Verlyn Klinkenborg's Several Short Sentences About Writing completes the picture. He writes about "volunteer sentences" - sentences that show up uninvited and fill space without earning it. AI output is the ultimate volunteer sentence. Every sentence it generates volunteered. None of them had to be there.

But an AI editor can flag your volunteer sentences. It can point to a paragraph and say: this sentence is doing no work. It can suggest tighter alternatives. It cannot generate the spark that makes writing original. It can remove the dead weight that obscures it.

Why the Tool Matters

If AI is a better editor than writer, the implication for tools is clear. Most AI writing tools are built around generation. You type a prompt. The AI produces text. You paste it into your document. This is the wrong model. It uses AI where it is weakest.

The right model is the one code editors figured out. In Cursor, you write code, then ask the AI to improve it. The AI shows you a diff: green for additions, red for deletions. You see every change. You accept the ones that make your code better. You reject the rest.

Writing needs the same workflow. You write. The AI edits. You see the diff. You decide.

This is not a small UX preference. It is the difference between using AI where it fails and using it where it succeeds. Generation asks the model to be original. Editing asks the model to be observant. One is outside its capabilities. The other is squarely within them.

The diff interface also solves the trust problem. When an AI rewrites your paragraph in a chat window, you get a wall of text. You cannot tell what changed. You cannot make granular decisions. With inline diffs, every change is visible. You can accept one word swap and reject another. You stay in control because you can see what the AI is doing.

The Practical Shift

Here is what this means for how you use AI to write.

Stop asking AI to write for you. It will produce generic text. Fluent, grammatically correct, and indistinguishable from a million other AI outputs. The research on AI and writing quality confirms this. AI-generated text uses smaller vocabularies, more filler words, and less surprise.
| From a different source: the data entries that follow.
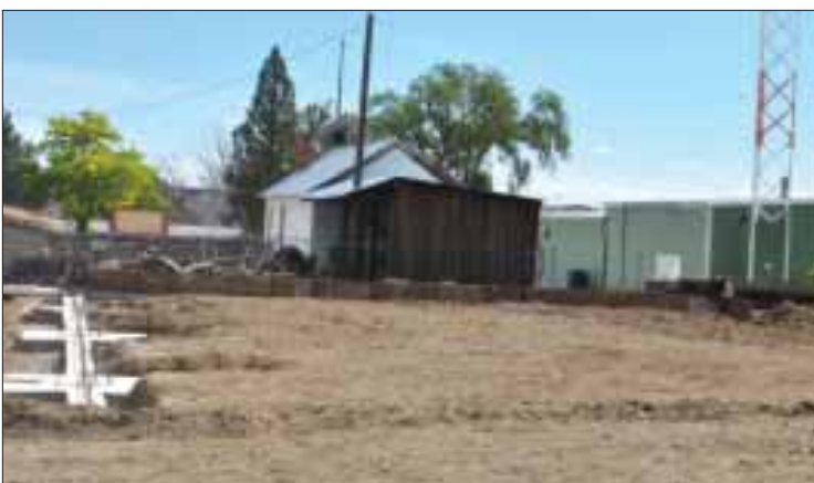
After: With the land cleared, a foundation has been started for the museum expansion.

The Owyhee County Historical Society's (OCHS) board of directors is inching forward with an ambitious expansion plan for the museum in Murphy.
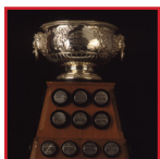
Art Ross Trophy Alex Ovechkin (2007-08)
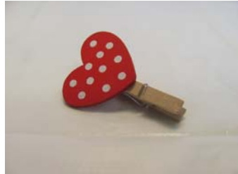
Heart Memo Clip - $0.20
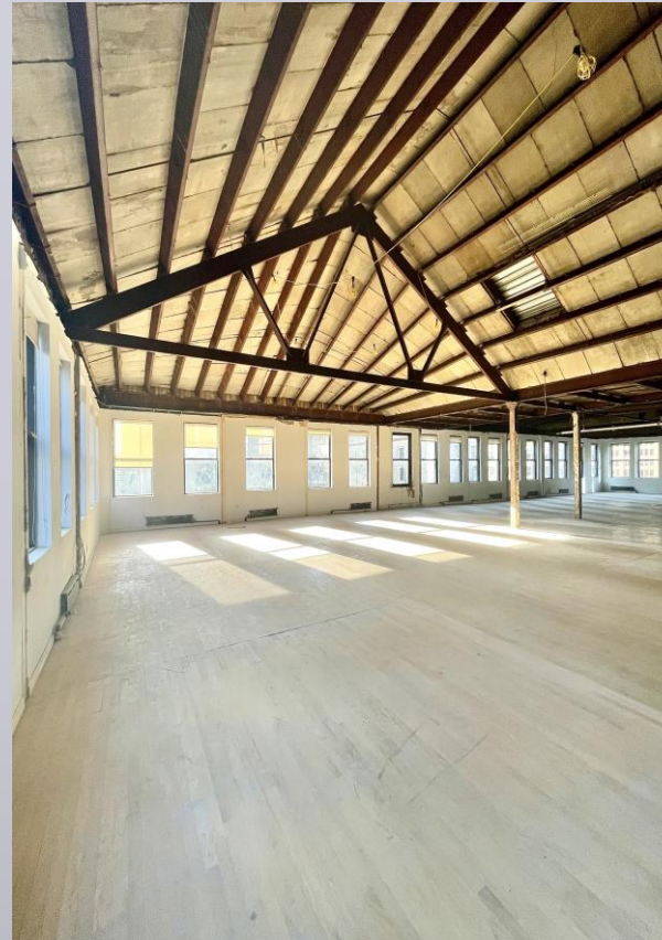
PH PARTIAL FLOOR 11

One of a kind top floor opportunity with light and views on all sides Ultra creative with wood flooring Exceptional ceiling heights Brand Identity Skylights Ready to be re-imagined May Divide Organic growth opportunity
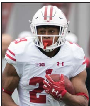
After rushing for 183 yards and a TD at Indiana, Jonathan Taylor picked up his school-record fifth Big Ten Freshman of the Week honor.
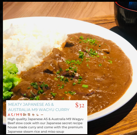
MEATY JAPANESE A5 & AUSTRALIA M9 WAGYU CURRY $32 A5/M9和牛カレー High quality Japanese A5 & Australia M9 Wagyu Beef slow cook with our Japanese secret recipe house made curry and come with the premium Japanese steam rice and miso soup
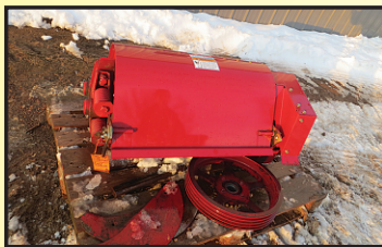
New Holland FP240 factory kernel processor kit. Only 3 yrs. old. $2,950

It is the textual equivalent of elevator music.

Write your first draft yourself. It does not have to be good. It has to be yours. Your ideas, your structure, your word choices. The draft is where the thinking happens. Skip the draft and you skip the thinking.

Then ask AI to edit. Ask it to tighten a paragraph. Ask it to find a better transition. Ask it to cut unnecessary words. These are the tasks where AI genuinely helps. It has read millions of examples of good prose. It can spot patterns you are too close to see. It just cannot produce them from nothing.
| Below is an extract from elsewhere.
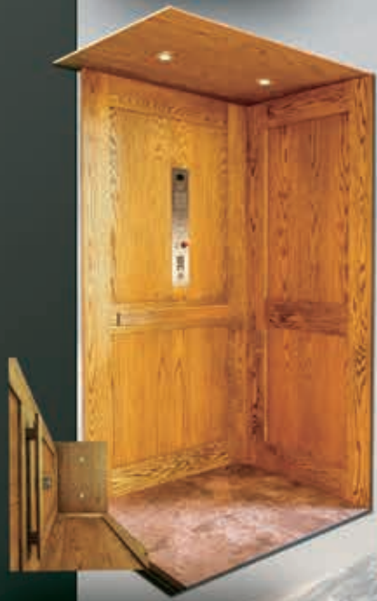
RED OAK CLEAR*
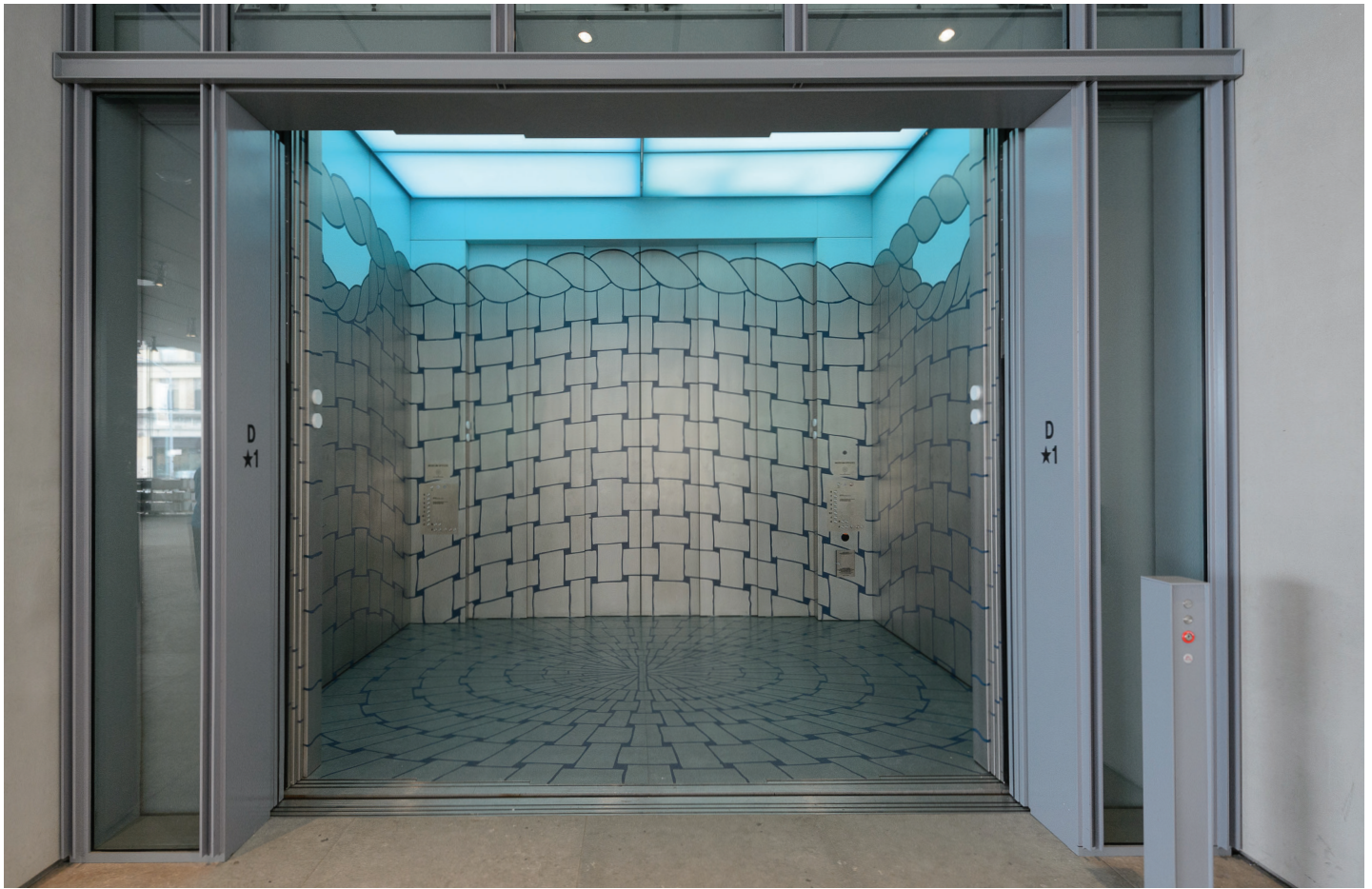
Whitney staff greet families in the lobby, May 2015.

After we get a ticket then we can take either the stairs or the elevator to go to Floor Three. At the Whitney Museum, each elevator is a work of art and is special inside—it might look like a basket, a door, a window, a mirror, or even a table.

Use inline diffs so you see every change. This is non-negotiable. If you cannot see what the AI changed, you cannot exercise judgment. And judgment is the whole point. Accept the edits that sharpen your writing. Reject the ones that flatten it. The AI proposes. You decide.
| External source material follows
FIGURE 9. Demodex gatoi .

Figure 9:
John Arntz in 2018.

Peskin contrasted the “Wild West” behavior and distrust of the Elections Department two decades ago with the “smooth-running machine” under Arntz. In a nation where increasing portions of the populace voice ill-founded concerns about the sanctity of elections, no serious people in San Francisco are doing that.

Reject anything that sounds generic. If the AI suggests a phrase that could appear in anyone's writing, reject it. Your voice lives in the specific, the unusual, the sentences only you would write. Let the AI fix your grammar and tighten your structure. Never let it touch your voice.

The Opportunity

The fact that AI is a better editor than writer is not a limitation. It is an opportunity. It means the best use of AI in writing is the one that keeps you in the driver's seat. You do the creative work. The AI handles the mechanical work. You write. It edits. You decide what stays.

Most writing tools have this backwards. They put AI in the driver's seat and make you the passenger. They optimize for the prompt-to-output pipeline because generation is flashy and easy to demo. But generation is exactly where AI is weakest.

The writers who get the most from AI will be the ones who never ask it to write. They will write first. Then they will hand their draft to an AI editor that shows them every suggested change, lets them accept or reject each one, and never overwrites their voice.

That is the model Athens is built on. Not AI as ghostwriter. AI as editor. Because that is where the technology actually works.